Рид ответил, что Керенский ждал свои несколько сотен людей, однако они так и не пришли. Более того, Керенский не стал бы трогать ни Смольный, ни всех этих меньшевиков или эсеров вокруг него.
Это было в некотором роде язвительностью, которую мы уже слышали до восстания, когда большевикам выговаривали за то, что они затянули с ним. А теперь критиканы жаловались, что гвардия состояла из любителей, а вожди – не были военными стратегами, причем это были те же самые критики, которые настаивали на том, что восстание – это большевистский государственный переворот, совершенный военными заговорщиками.
Теперь, в начальной стадии сессии казалось, что массы, уставшие, но воодушевленные своим триумфом, вместе с тем озадачены легкостью произошедшего.
В моей небольшой книге про Ленина я что-то писал о нашей реакции на то, что мы увидели в ночь на 26 октября/ 8 ноября. Это был наш первый взгляд на человека, о котором мы до сих пор знали лишь через его молодых учеников.

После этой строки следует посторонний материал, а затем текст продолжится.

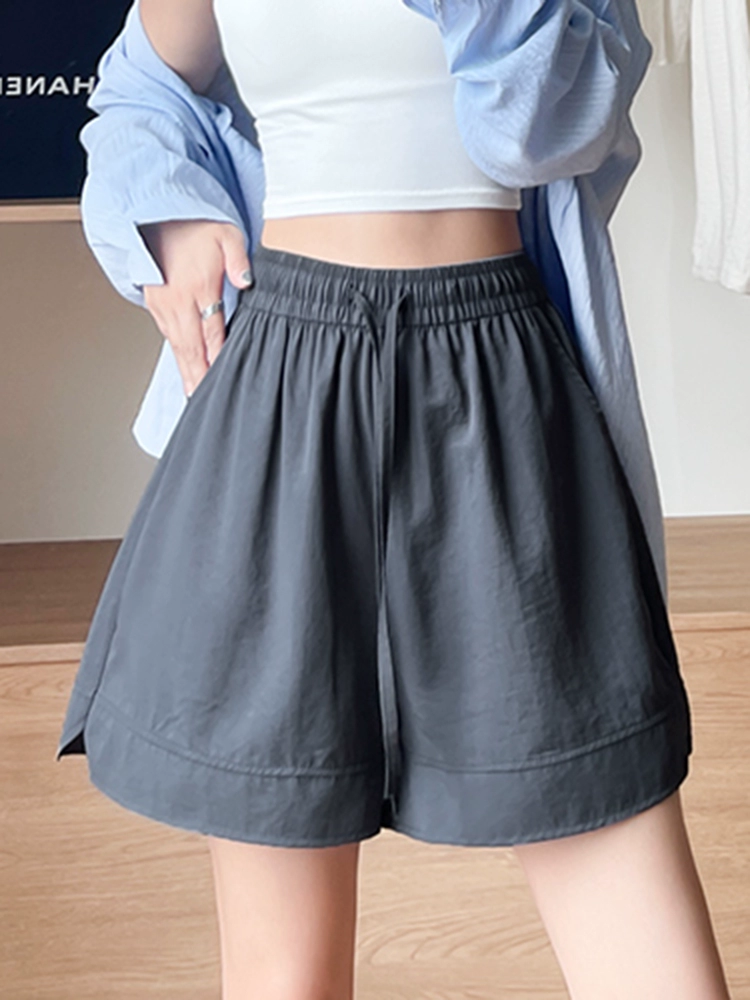 | nameOriginal | White slit wide-leg high-waist drawstring A-line ins shorts |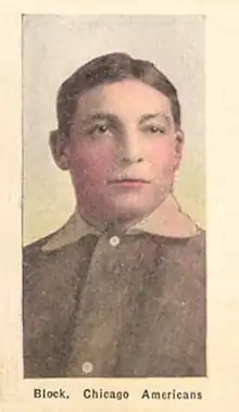 James "Jimmy" John Block (born James John Blochowicz on March 13, 1885 – August 6, 1937) was a catcher over parts of five seasons in Major League Baseball. He was known during his playing days as Jimmy Block. He reported to the Washington Senators the same day that Walter Johnson made his major league debut. Jimmy Block caught "Big" Ed Walsh's no-hitter on August 27, 1911.[1] He married Maria Czaplewski of Milwaukee with the marriage license filing date of October 6, 1910.[2] After his baseball career ended, he became a salesman for the Miller Brewing Company[1].

Я описывал, как это делали многие другие, его манеру перекатываться с пяток на носки, закладывать большие пальцы рук за жилетку под мышками; его голос, в котором мы слышали «скорее жесткие, сухие нотки, чем красноречие». Я мог бы оставить все как есть – нарисовать этакую домашнюю картину, изображающую человека, который, кажется, так уютно вписывается в громадный зал, заполненный запахом множества человеческих тел и дешевого табака, стоящего перед тысячью пар вопрошающих, ищущих, напряженных глаз. Однако я продолжаю:
«Мы слушали примерно час, надеясь почувствовать скрытые магнетические свойства, которые отвечали за то, что он удерживал этих свободных, сильных духом, здоровых молодых людей. Но тщетно.
Мы были разочарованы. Большевики своим размахом и отвагой захватили наше воображение; мы ожидали, что их вождь сделает нечто подобное. Мы хотели, чтобы глава этой партии предстал перед нами, воплотив собой все эти качества, как олицетворение всего движения, нечто вроде сверхбольшевика».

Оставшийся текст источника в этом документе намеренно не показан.